Step-by-Step Explanation:

  1. Split email into username and domain.
  2. Apply conditional transformations based on the domain.
  3. Reconstruct the email address after masking.

PySpark Code

from pyspark.sql.functions import split, when, reverse, regexp_replace, length, expr

# Step 1: Split Email into Username and Domain
df = df.withColumn("Username", split(col("Email"), "@")[0]) \
       .withColumn("Domain", concat(lit("@"), split(col("Email"), "@")[1]))

# Step 2: Apply masking based on domain
df = df.withColumn("MaskedUsername",
                   when(col("Domain") == "@gmail.com",
                        concat(substring(col("Username"), 1, 1), expr("repeat('*', length(Username)-1)")))
                   .when(col("Domain") == "@yahoo.com", reverse(col("Username")))
                   .when(col("Domain") == "@hotmail.com",
                        regexp_replace(col("Username"), "[aeiouAEIOU]", "*")))

# Step 3: Reconstruct the masked email
df = df.withColumn("MaskedEmail", concat(col("MaskedUsername"), col("Domain"))) \
       .drop("Username", "Domain", "MaskedUsername")

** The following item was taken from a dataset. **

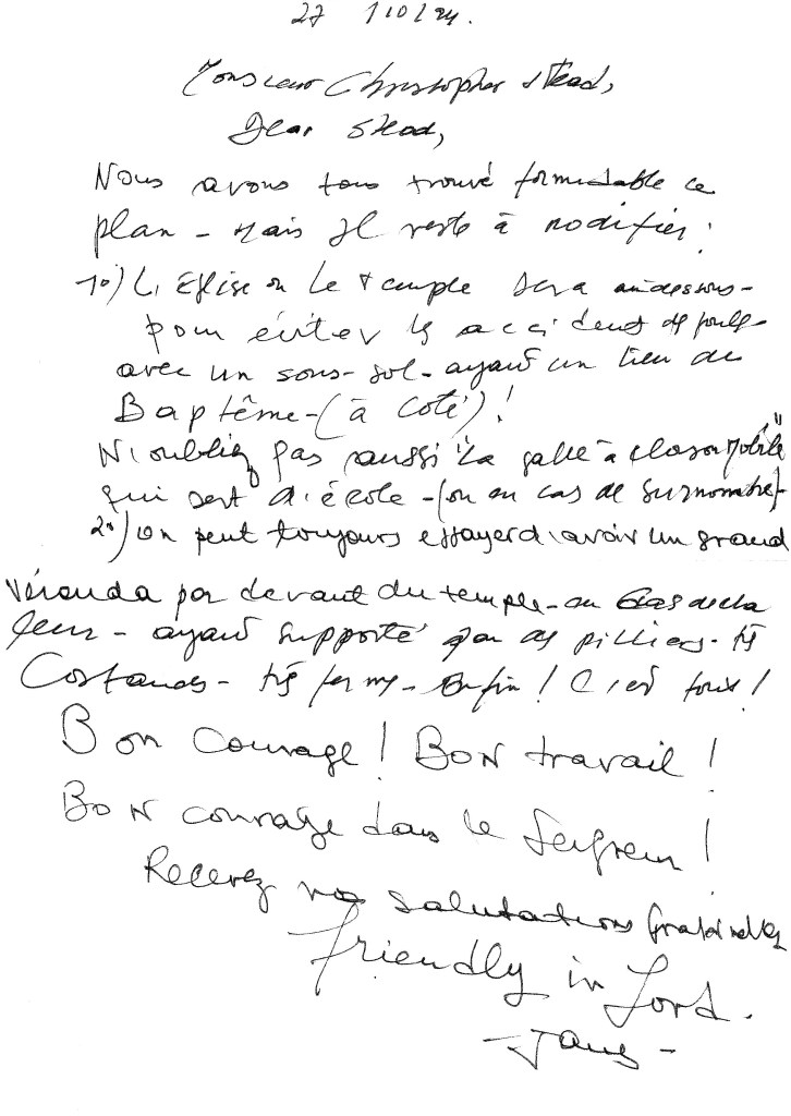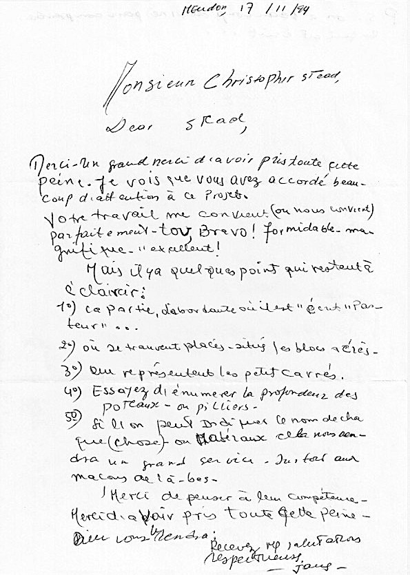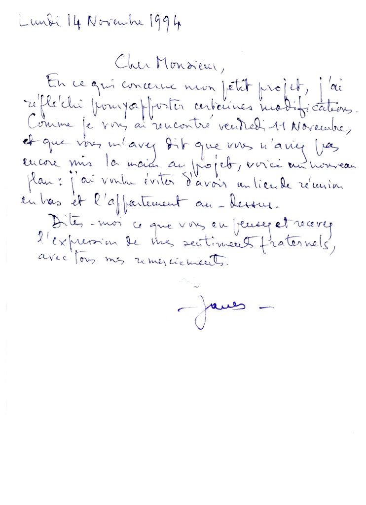 En octobre 1994, pour amorcer le dialogue, j’ai jeté quelques lignes sur papier, pour voir si on se comprenait, question pas évidente ni pour lui ni pour moi. J’ ai précisé que ce n’ était pas une solution étudiée, mais une image d’ après indications de ce que l’ on pouvait soupçonner comme démarche leur convenant. Voici sa réponse.

df.select("MaskedEmail").show(truncate=False)

Output:

+-------------------------+
|MaskedEmail              |
+-------------------------+
|v********@gmail.com      |
|ayirpaytas@yahoo.com     |
|*n*t.s*ngh@hotmail.com   |
+-------------------------+

3. Understanding the Transformations

3.1 Gmail.com

  • Transformation: Show the first character and mask the rest.
  • Example: Venu@gmail.com → v********@gmail.com
  • Functions Used: substring(), expr("repeat('*', n)"), concat()

3.2 Yahoo.com

  • Transformation: Reverse the username.
  • Example: Satyapriya@yahoo.com → ayirpaytas@yahoo.com
  • Function Used: reverse()

3.3 Hotmail.com

  • Transformation: Replace vowels with *.
  • Example: Anita.singh@hotmail.com → *n*t.s*ngh@hotmail.com
  • Function Used: regexp_replace()

4. Key Functions Explained

Function Description
regexp_replace() Replaces characters based on regex patterns.
substring() Extracts part of a string.
concat() Combines multiple columns or strings.
reverse() Reverses the characters in a string.
expr() Executes SQL expressions in PySpark.
split() Splits a string by a delimiter.

5. Final Output

Original Email Masked Email AadharCardNumberStar
Venu@gmail.com v********@gmail.com ************3456
Satyapriya@yahoo.com ayirpaytas@yahoo.com ************4567
Anita.singh@hotmail.com nt.s*ngh@hotmail.com ************5678

6. Conclusion

In this blog, we learned how to mask sensitive data like Aadhar card numbers and email addresses using PySpark. Such masking techniques are essential in data engineering for ensuring data privacy and compliance with data protection regulations.

Key Takeaways:

  • Always sanitize and mask sensitive information in datasets.
  • PySpark provides powerful functions like regexp_replace(), reverse(), and concat() for string manipulations.
  • Domain-specific email masking ensures customized privacy based on business rules.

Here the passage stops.